(Data supplied Opens)
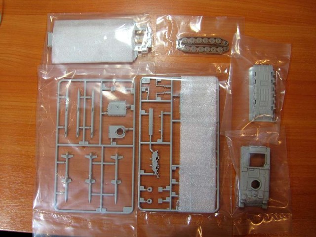 Модель производит очень приятное впечатление. Качество соответствующее для этой фирмы. Всё аккуратно упаковано в пакеты. Деталировка упростилась. Как я погляжу это уже повсеместная тенденция к упрощению сборки. Корпуса модели даются целыми деталями и состоят из низа и верха. Плюс небольшое колличество навесных деталей. Не знаю, хорошо это или плохо. Собирать стало легче, но меньше возможности для переделок и меньше "ночной магии и колдовства" над сборкой множества малюсеньких деталек. Лючки, тросы и шанцевый инструмент отлиты вместе с корпусом, что требует дальнейшего их срезания или если оставлять, то неудобно окрашивать и не придаёт плюсов копийности.
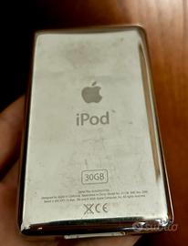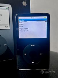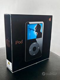 iPod Classic da 30GB Nero, modello A1136 di Quinta Generazione completo di scatola originale e tutti gli accessori inclusi, alcuni ancora sigillati, mancano solo le cuffie.
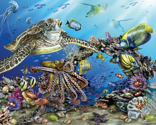 Other jewels besides pearls and sunken treasure lurk beneath the sea; this wonderful puzzle suggests that all sea life dazzles like jewelry. Artist: Lori Schory: Item 531: 1000 piece jigsaw puzzle: Finished size 24" x 30" Read more...
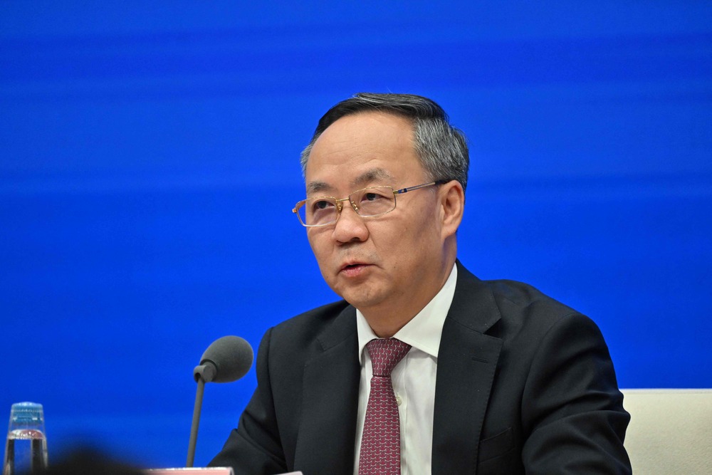Li Yunze, Minister of the National Financial Regulatory Administration, speaks during press conference at the China? State Council Information office in Beijing on September 24, 2024. AFP
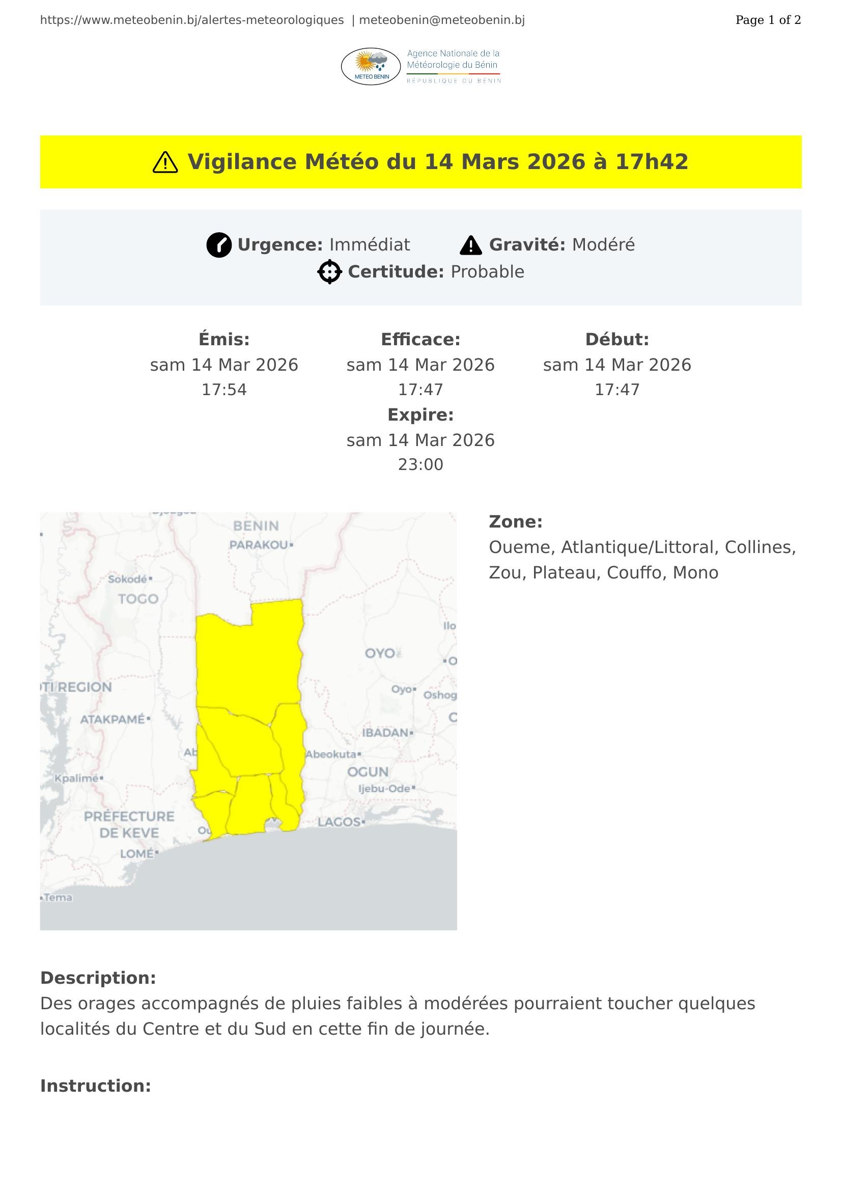 Vigilance Météo du 14 Mars 2026 à 17h42
(Data supplied Closes)
▶ Required action:
Please retype the lines from the one containing "Other jewels besides" through the last line of the records above, exactly as written, and leave out any pictures.

▶ Solved exercise:
 Other jewels besides pearls and sunken treasure lurk beneath the sea; this wonderful puzzle suggests that all sea life dazzles like jewelry. Artist: Lori Schory: Item 531: 1000 piece jigsaw puzzle: Finished size 24" x 30" Read more...
Li Yunze, Minister of the National Financial Regulatory Administration, speaks during press conference at the China? State Council Information office in Beijing on September 24, 2024. AFP
 Vigilance Météo du 14 Mars 2026 à 17h42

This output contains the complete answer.